Sheet sheet = wb.getSheet(sheetName);
boolean firstRow = true;
ArrayList<String> myStringArray = new ArrayList<String>();
Iterator<Cell> cells = sheet.getRow(0).cellIterator();
while (cells.hasNext()) {
myStringArray.add(cells.next().toString());
}
for (Row row : sheet) {
if (firstRow == true) {
firstRow = false;
continue;
}
if (!sheetName.equals("Sheet1")) {
out.println("t<element>");
}
for (int i = 0; i < myStringArray.size(); i++) {
if (row.getCell(i) != null && !(row.getCell(i)).toString().isEmpty()
&& row.getCell(i).toString().length() > 0) {
if(!(myStringArray.get(i) != null && myStringArray.get(i).toString().equals("Start_Epoch_Time") || myStringArray.get(i).toString().equals("End_Epoch_Time"))){
out.println(formatElement("tt", myStringArray.get(i), formatCell(row.getCell(i))));
} else{
long ePochValue=EpochConverter.getepochValue(row.getCell(i).toString());
out.println(formatElement("tt", myStringArray.get(i), String.valueOf(ePochValue)));
}
} else {
blankValues.add(sheetName +":" + "column header" +":" +myStringArray.get(i)+":"+"row no:"+row.getRowNum()+" " +"is blank.");
}
}
if (!sheetName.equals("Sheet1")) {
out.println("t</element>");
}
}
}
out.write("</root>");
out.flush();
out.close();
if(blankValues != null && blankValues.size() >0){
FileUploadController.writeErrorLog(blankValues + "Please fill all the mandatory values.");
}
} catch (Exception e) {
new DTHException(e.getMessage());
e.printStackTrace();
}
}
private static String formatCell(Cell cell)
{
if (cell == null) {
return "";
}
switch (cell.getCellType()) {
case Cell.CELL_TYPE_BLANK:
return "";
case Cell.CELL_TYPE_BOOLEAN:
return Boolean.toString(cell.getBooleanCellValue());
case Cell.CELL_TYPE_ERROR:
return "*error*";
case Cell.CELL_TYPE_NUMERIC:
return df.format(cell.getNumericCellValue());
case Cell.CELL_TYPE_STRING:
return cell.getStringCellValue();
default:
return "<unknown value>";
}
}
private static String formatElement(String prefix, String tag, String value) {
StringBuilder sb = new StringBuilder(prefix);
sb.append("<");
sb.append(tag);
if (value != null && value.length() > 0) {
sb.append(">");
sb.append(value);
sb.append("</");
sb.append(tag);
sb.append(">");
} else {
sb.append("/>");
}
return sb.toString();
}

在下面的行中,我在检查此row.getCell(i)值时获得了确切的马拉地语值,但是在编写此值后获得了不同的输出。

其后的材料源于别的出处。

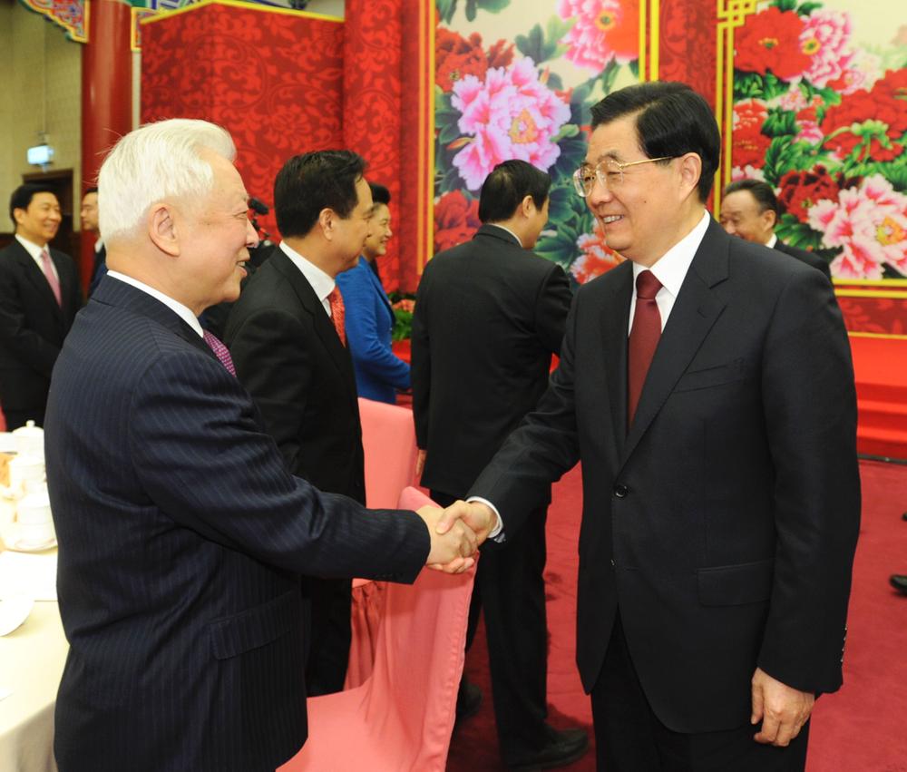 2013年1月1日,全国政协在北京举行新年茶话会。这是胡锦涛同志与周铁农同志握手。新华社记者 谢环驰 摄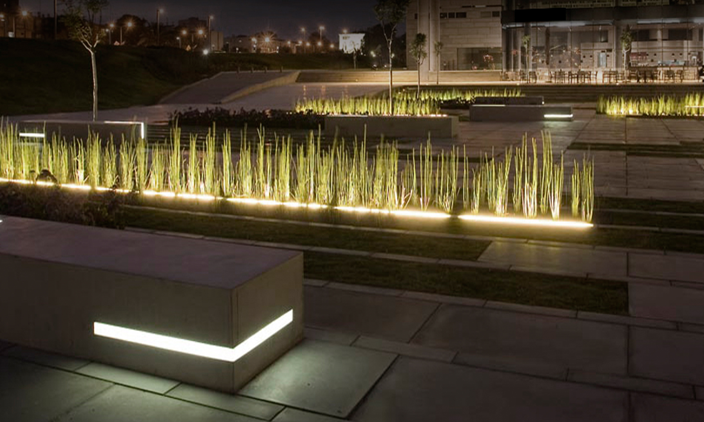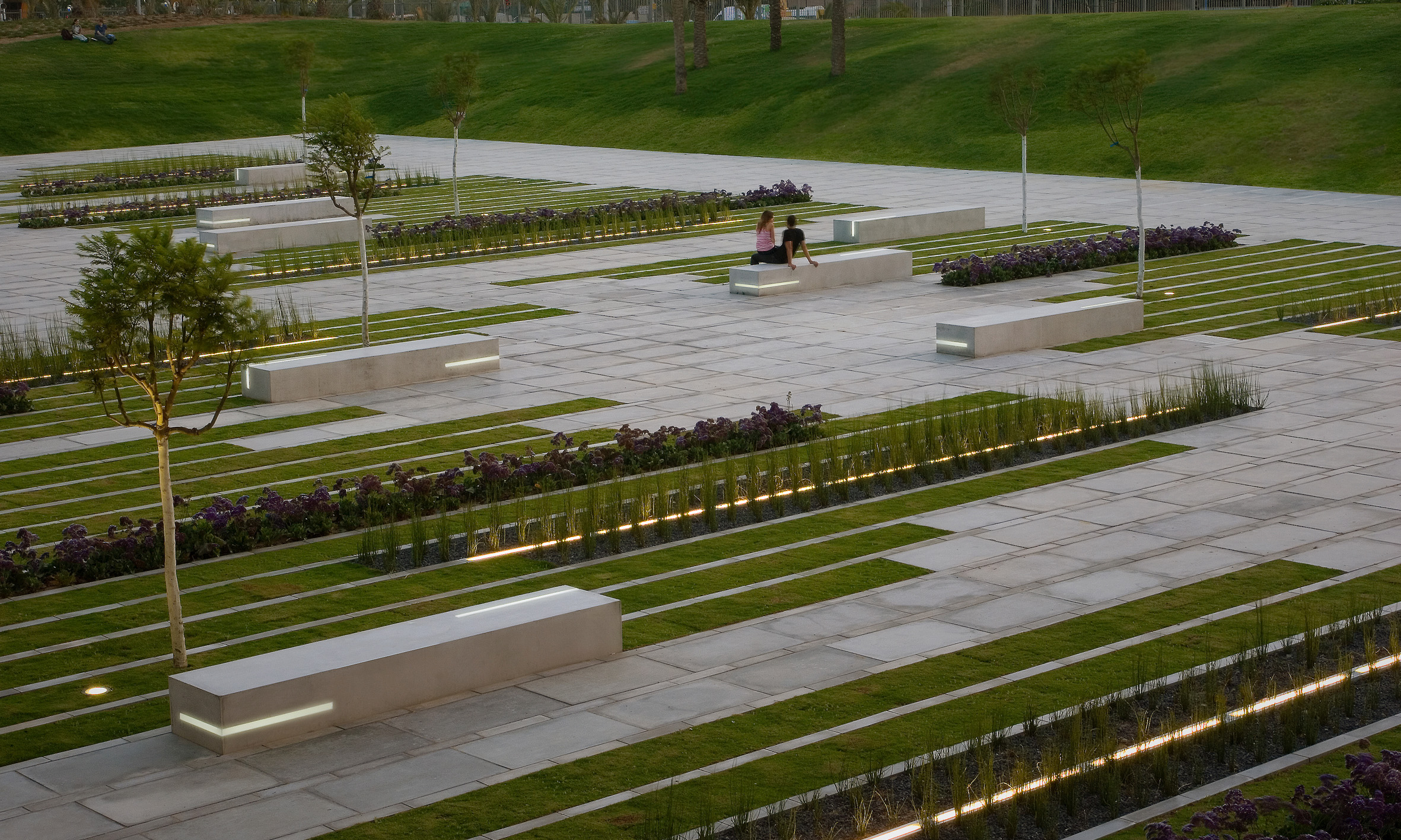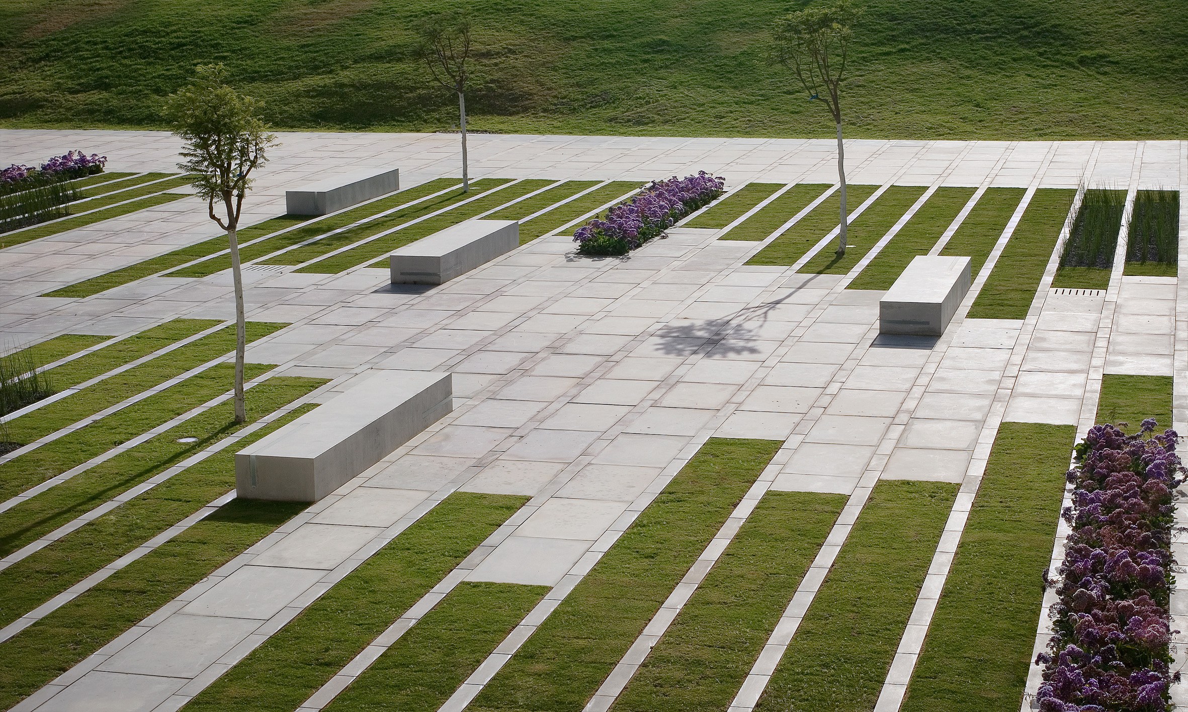 The finishing material of the façades of the existing buildings around the square and of the future Gallery is bare concrete. The choice to pave the square with panels also made of bare concrete is designed to unify the square and the buildings around it into a single visual entity. The oblong square has been planned as a carpet of lateral strips. Each strip is 90 cm wide, and contains a strip of 75x125 cm concrete panels and a 15 cm strip that contains alternating fills of paving tiles, lawn, bushes, flowers, and lighting strips. Sitting areas, each consisting of a 75 cm-wide bench shaded by trees, are scattered randomly through the square. The tree chosen for the square is the jacaranda, which has a lilac flower and is suitable to the Negev climate. Equisetophyta have been used to bound the sitting areas. Some of the fill strips have been planted with beds of geophytes and of seasonal flowers that will be changed every three to four months, so that the floral coloring will change with the seasons. The lighting of the square at night comes from the lighting of the buildings around its perimeter, from lighting strips sunken in the tiles, and from lighting strips inlaid in the benches.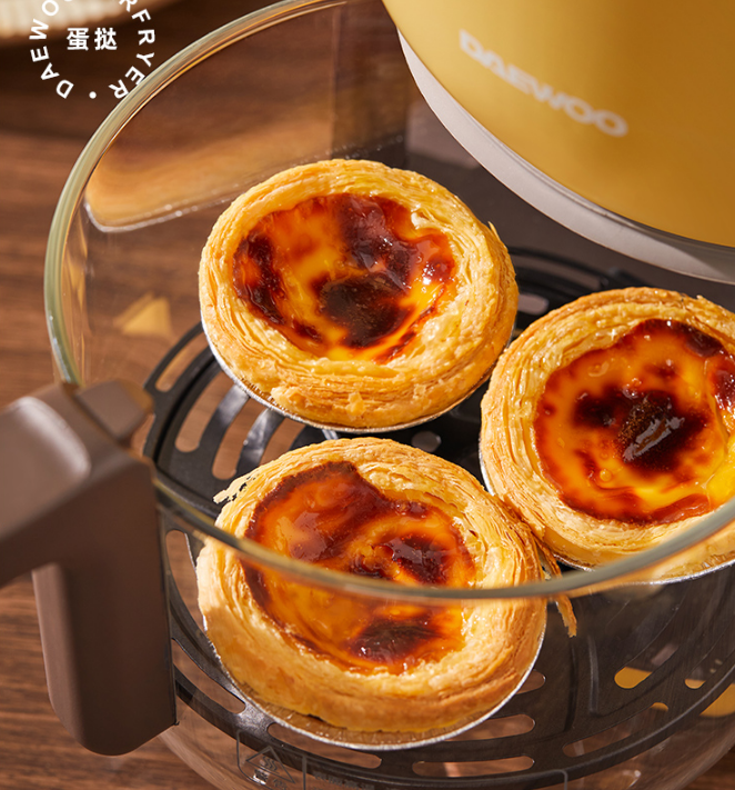 用热空气替代原本煎锅里的热油,热风在密闭的锅内形成急速360°循环加热食物,使得食物能快速、均匀地变熟,表面变得金黄酥脆,达到煎炸的效果。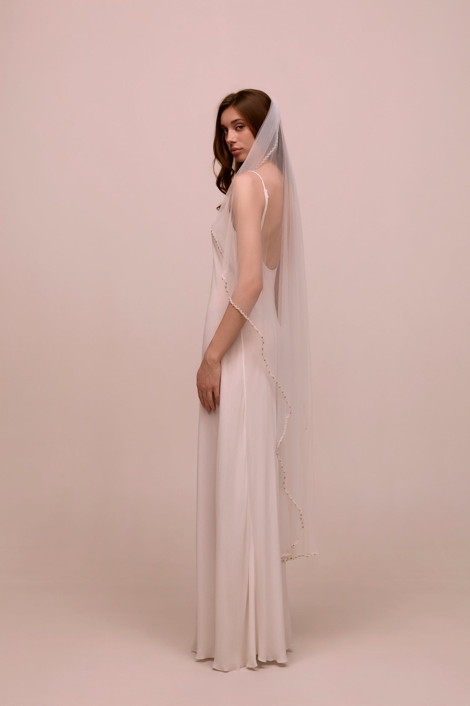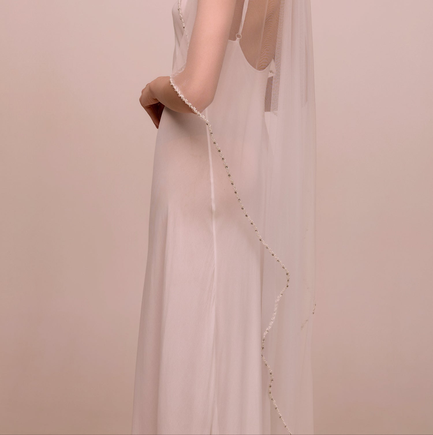 Crafted from our Heirloom tulle®.  Simple, sculptural, and effortlessly polished. VS26-04 features a soft sheer drape with delicate pearl beading hand-stitched along the edge. A modern classic that pairs beautifully with both minimal and embellished gowns.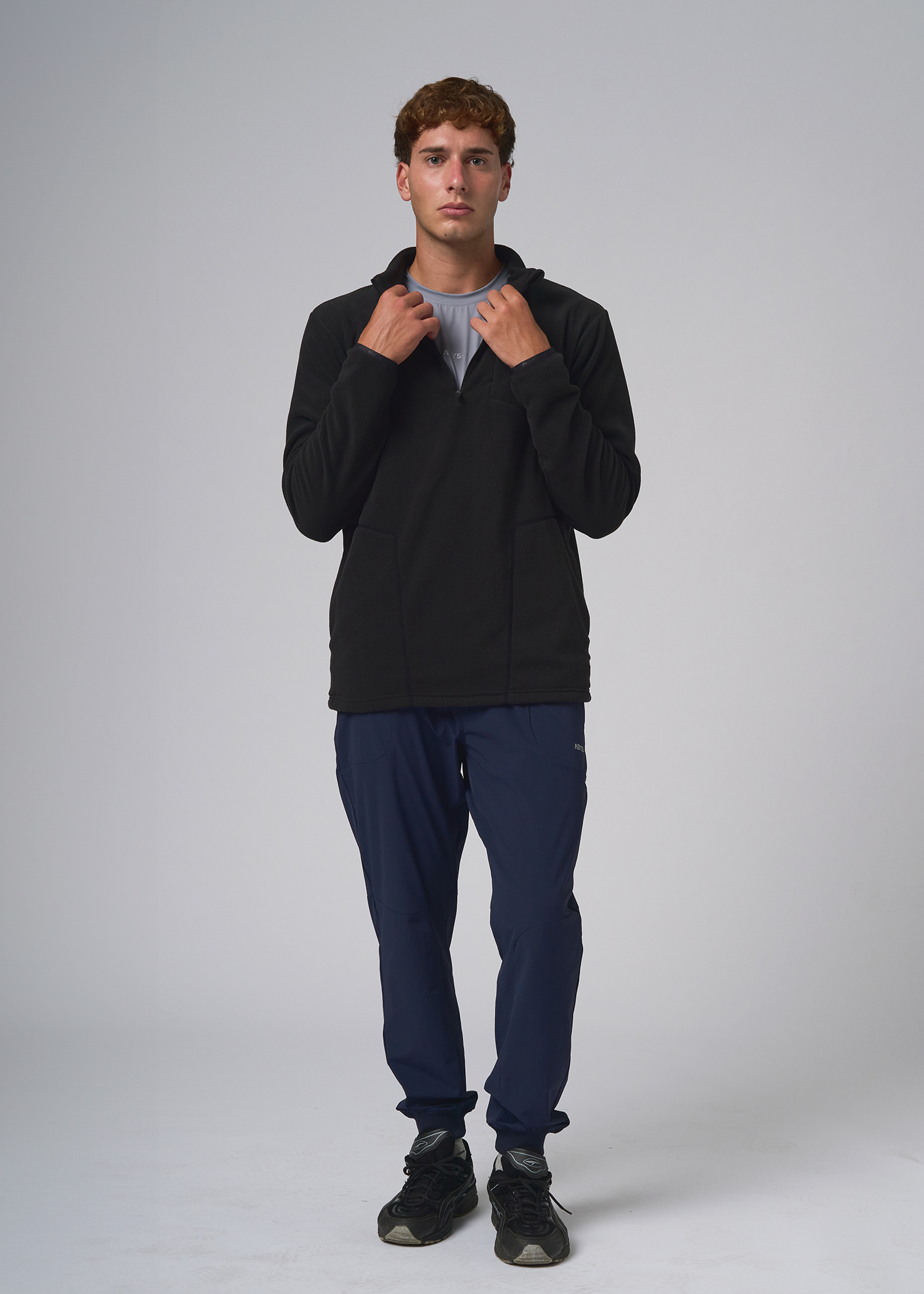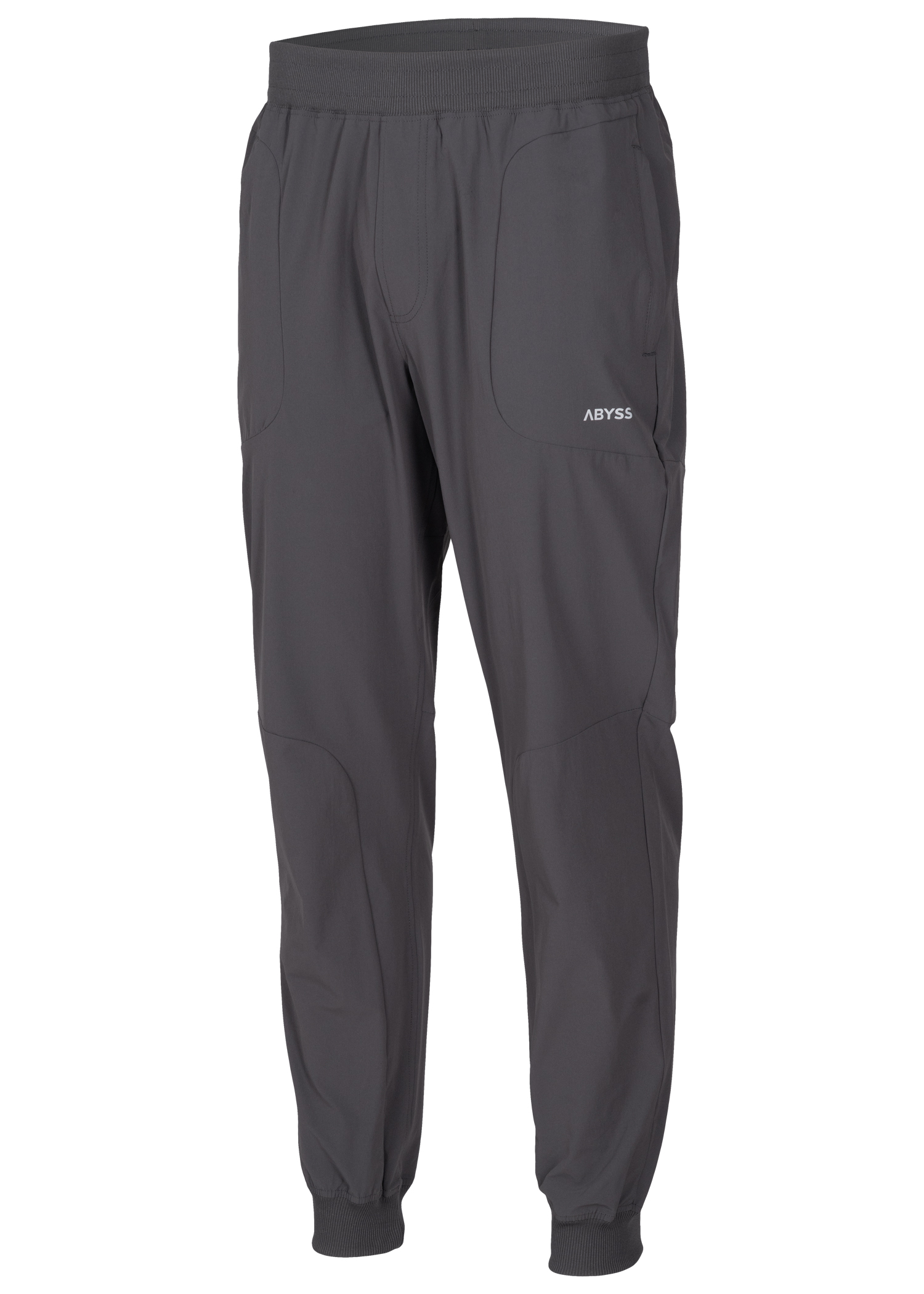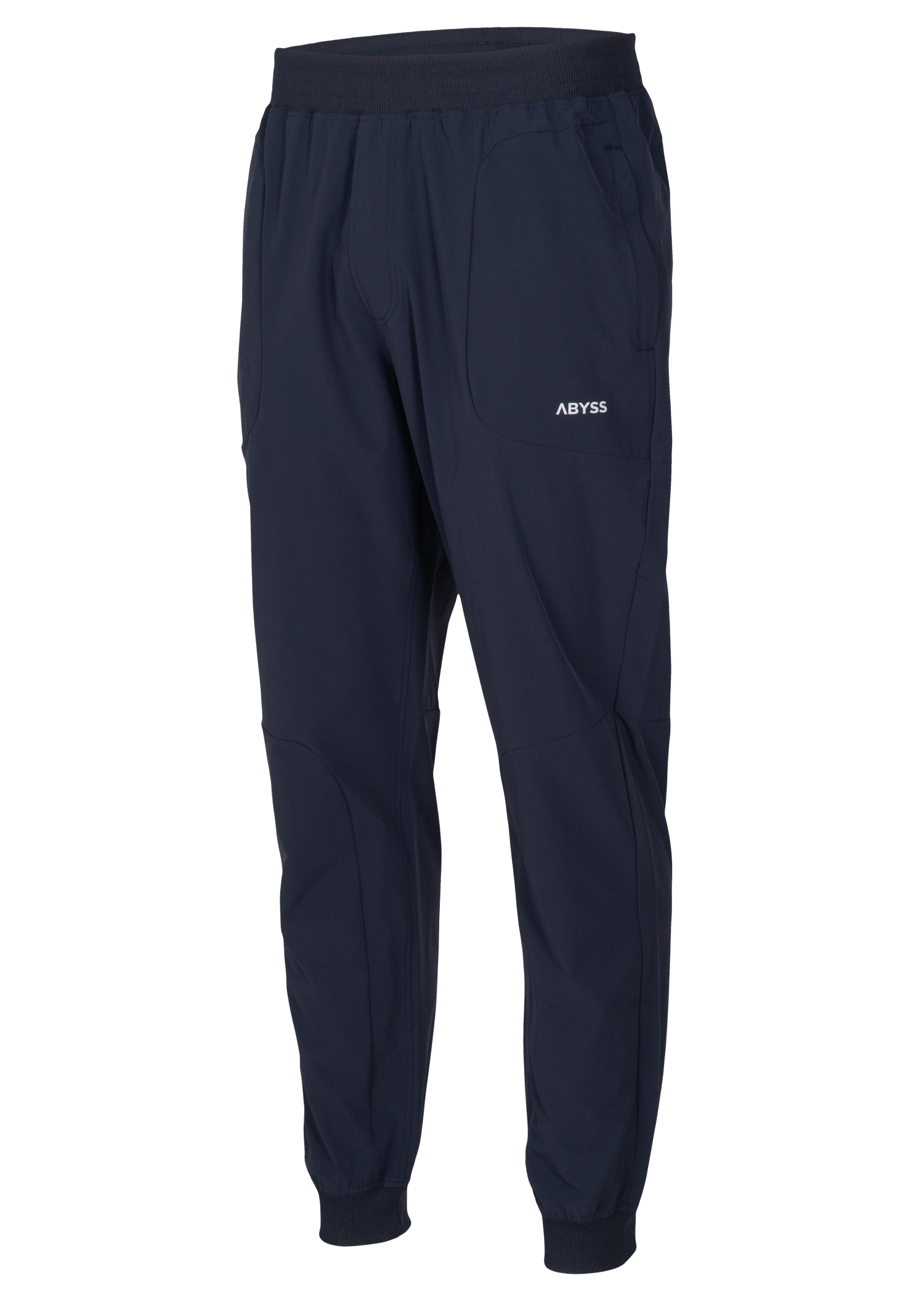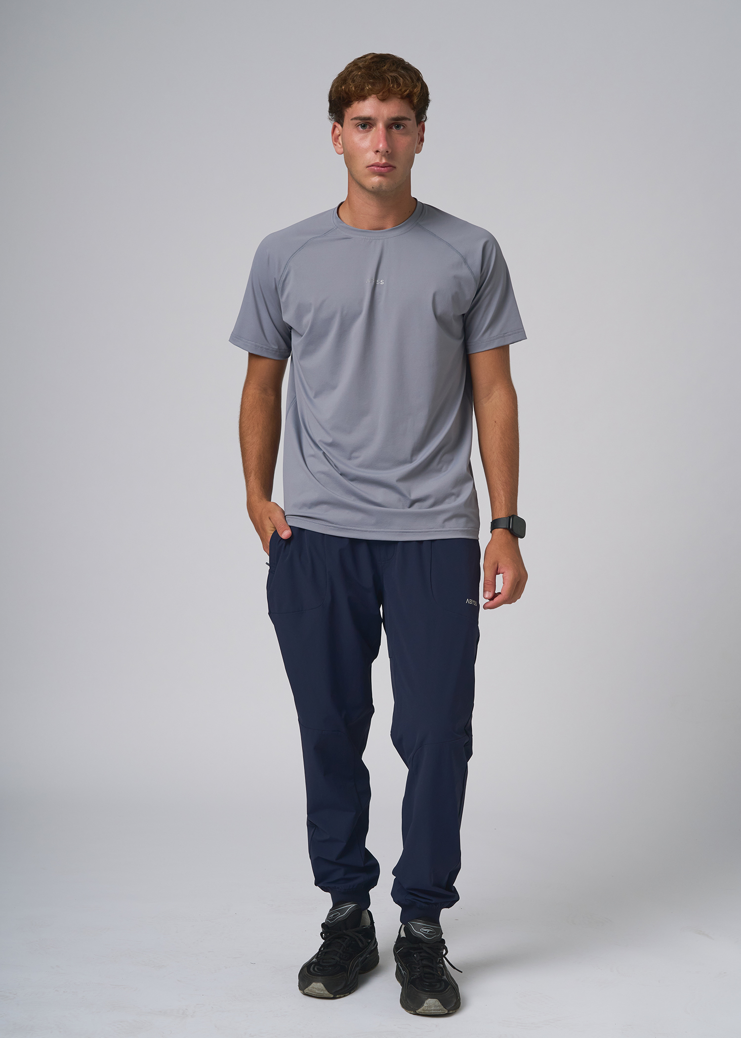 Nylon con spandex. Pantalón con puño en botamanga, bolsillos laterales con cierre y elástico en cintura. Logo termosellado en reflex.

out.println(formatElement("\t\t", myStringArray.get(i), formatCell(row.getCell(i)));

你的代码有两个大问题。

1)您显然正在使用Windows(路径C:\Temp),但是 - 正如Axel Richter在评论中已经指出的那样 - 您正在使用输出文件的默认编码。直接使用文件名创建FileWriter会为您提供平台的默认编码,即 Windows ANSI for Windows。不是您想要的,因为稍后您将使用 UTF-8 作为编码编写 XML 标头声明。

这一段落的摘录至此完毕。